Bernstein has conducted an analysis of the U.S. supply and demand balance in analog and discrete semiconductors, particularly in light of the potential introduction of Section 232 tariffs. The analysis focuses on the implications for major companies, including Texas Instruments, Analog Devices, Infineon Technologies and Renesas.

According to analysts led by David Dai, if the U.S. successfully brings more manufacturing of end applications back onshore, demand for these products may rise even further.
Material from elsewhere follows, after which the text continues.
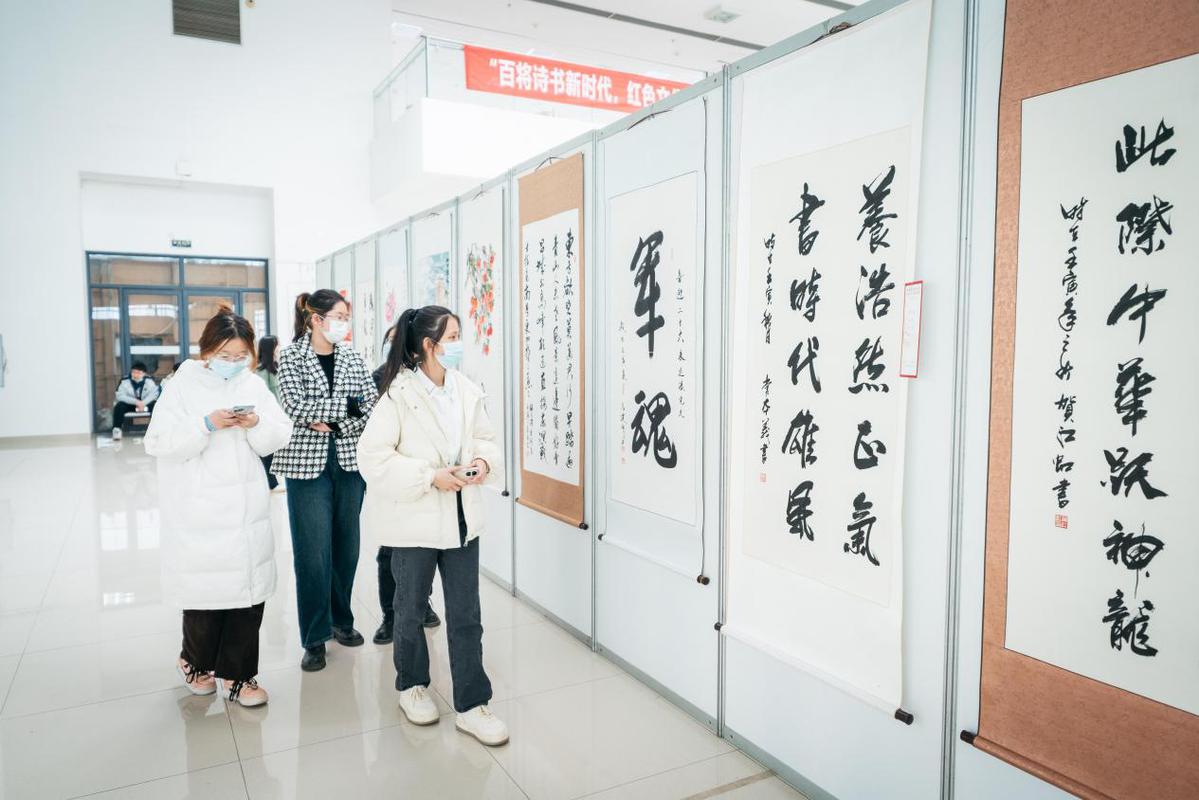 传承中华优秀传统文化,夯实理想信念之基,弘扬革命英雄之气,3月17日,“百将诗书新时代,红色文化进校园”主题书法展在乐投平台长安校区开幕。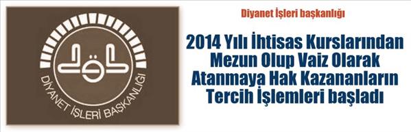 2014 Yılı İhtisas Kurslarından Mezun Olup Vaiz Olarak Atanmaya Hak Kazananlar İle İlgili Duyuru2014 YILINDA İHTİSAS KURSLARINDAN MEZUN OLUP VAİZ OLARAK ATANMAYA HAK KAZANANLAR İLE İLGİLİ DUYURU16.

However, currently, there isn’t a significant gap that would lead to a substantial increase in the capacity for analog and discrete manufacturing in the U.S.

Infineon and Renesas have the greatest risk of exposure to potential tariffs due to their relatively small production footprint in the U.S., while Texas Instruments and Analog Devices, being U.S.-based, appear to be well-positioned.

The chart below indicates that all the aforementioned stock prices are under the point forecast line of the DeepAR model, but they have potential room to rise if they adapt to the supply chain shifts.

Source code:

library(tidyverse)
library(tidymodels)
library(tidyquant)
library(timetk)
library(modeltime)
library(modeltime.gluonts)

#Texas Instruments Incorporated (TXN)
df_txn <- 
  tq_get("TXN") %>% 
  select(date, 'Texas Instruments' = close)

#Analog Devices, Inc. (ADI)
df_adi <- 
  tq_get("ADI") %>% 
  select(date, 'Analog Devices' = close)

#Infineon Technologies AG (IFNNY)
df_ifnny <- 
  tq_get("IFNNY") %>% 
  select(date, Infineon = close )

#Renesas Electronics Corporation (6723.T)
df_renesas <- 
  tq_get("6723.T") %>% 
  select(date, Renesas = close)


#Merging the datsets
df_merged <- 
  df_txn %>% 
  left_join(df_adi) %>% 
  left_join(df_ifnny) %>% 
  left_join(df_renesas) %>% 
  drop_na() %>% 
  filter(date >= last(date) - months(12)) %>% 
  pivot_longer(-date,
               names_to = "id",
               values_to = "value") %>% 
  mutate(id = as_factor(id)) 



#Split Data 
split <- time_series_split(df_merged,
                           assess = "15 days",
                           cumulative = TRUE)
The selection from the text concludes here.